Records supplied section start

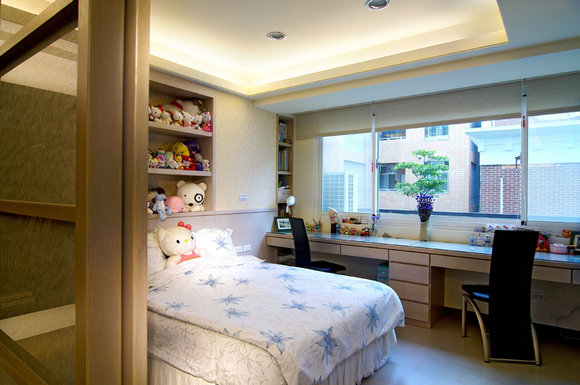 维系和室的明亮光源,女儿房使用夹纱拉门,窗台边长型书桌设计让两个女儿可以结伴一起共读,床头做成表示层板,小女孩心爱的玩偶是最棒最可爱的空间装饰。
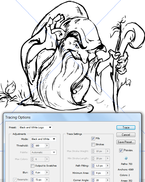 Задайте параметры трассировки для предустановки с помощью панели «Трассировка изображения».
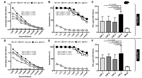 4. Vaccination with mRNA-Spike encapsulated in LNP-4 induced a higher level of Interferon-γ: The heparinized, fresh, whole blood collected from each hamster immunized with different LNPs was incubated with SARS-CoV2 Spike-specific peptides for 24 h. The presence of IFN-γ in the plasma samples was determined by ELISA. Peripheral blood obtained from hamsters immunized with LNP-4 showed a higher production of IFN-γ in vitro followed by hamsters immunized with LNP-2, LNP-3, and LNP-1 (Figure 4C,F).
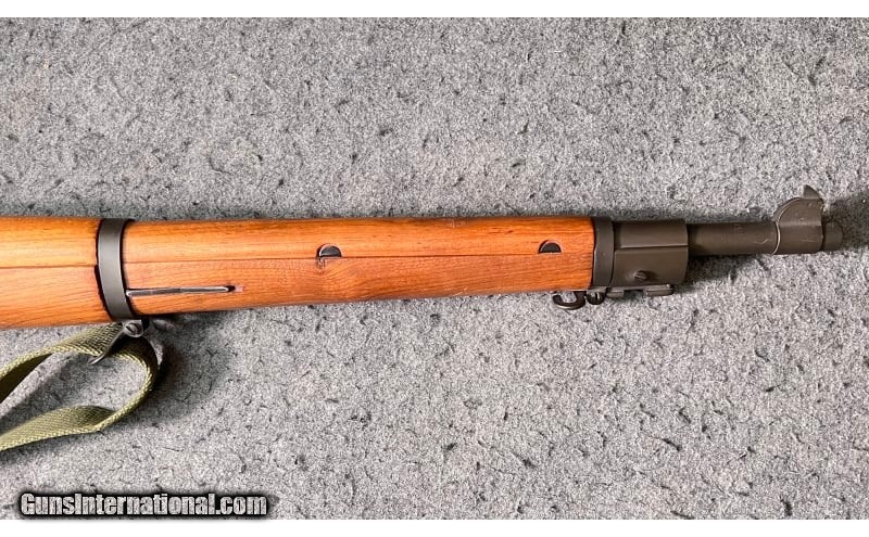 Description: This 1943 right hand bolt action military rifle is a Remington Model 03-A3 chambered in .30-06 Springfield. It has a 24-inch barrel, a blade front fixed sight, an adjustable military style aperture rear sight, and a smooth hardwood stock. The forearm is a smooth grip, two-piece hardwood. The barrel is arsenal stamped with an R A flaming bomb, and 4-43. The receiver is roll stamped "U.S./REMINGTON/ MODEL 03-A3/3710656". The reverse of the barrel is stamped with a P. The underside of the bolt is marked with an "R." The Model 03-A3 was produced during WWII to arm the rapidly expanding armed forces. It has subtle variations from the original Model 03 to reduce costs and increase production. The metal finish is in exceptionally good to excellent condition. Likewise, the wood is in excellent condition with no observable handling wear, chips, scratches or cracks. It comes with an MRT drab green adjustable sling. .30-06 Springfield SOLD Curio/Relic: Yes Metal Condition: Metal finish is in exceptionally good to excellent condition Wood Condition: "The wood is in excellent condition with no observable handling wear, chips, scratches or cracks Barrels: 24" barrel Triggers: Smooth curved trigger Stock Dimensions: "13"" LOP, overall length 43½ inches Butt Pad: Steel butt plate with trap door for cleaning kit (no kit included) Weight: 8lbs 8 oz Sights: "Blade front fixed sight, adjustable military style aperture rear sight Item Location: Wichita, KS |
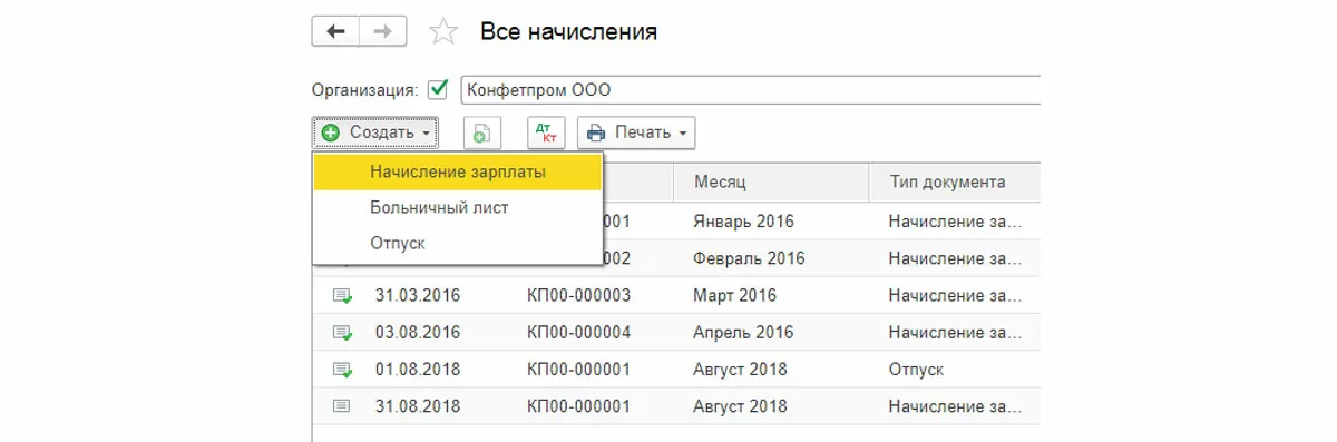 Для удержания займа и процентов по нему из заработной платы сотрудника в 1С используется документ «Начисление зарплаты». Находим его в меню «Зарплата и кадры» – «Зарплата» – «Все начисления». Попадаем в список начислений, и при помощи кнопки «Создать» создаем новое «Начисление зарплаты».

Records supplied section end

Only the lines above from the one containing "Задайте параметры трассировки" through the one containing "4. Vaccination with" should be returned, verbatim and inclusive, with pictures excluded.

 Задайте параметры трассировки для предустановки с помощью панели «Трассировка изображения».
 4. Vaccination with mRNA-Spike encapsulated in LNP-4 induced a higher level of Interferon-γ: The heparinized, fresh, whole blood collected from each hamster immunized with different LNPs was incubated with SARS-CoV2 Spike-specific peptides for 24 h. The presence of IFN-γ in the plasma samples was determined by ELISA. Peripheral blood obtained from hamsters immunized with LNP-4 showed a higher production of IFN-γ in vitro followed by hamsters immunized with LNP-2, LNP-3, and LNP-1 (Figure 4C,F).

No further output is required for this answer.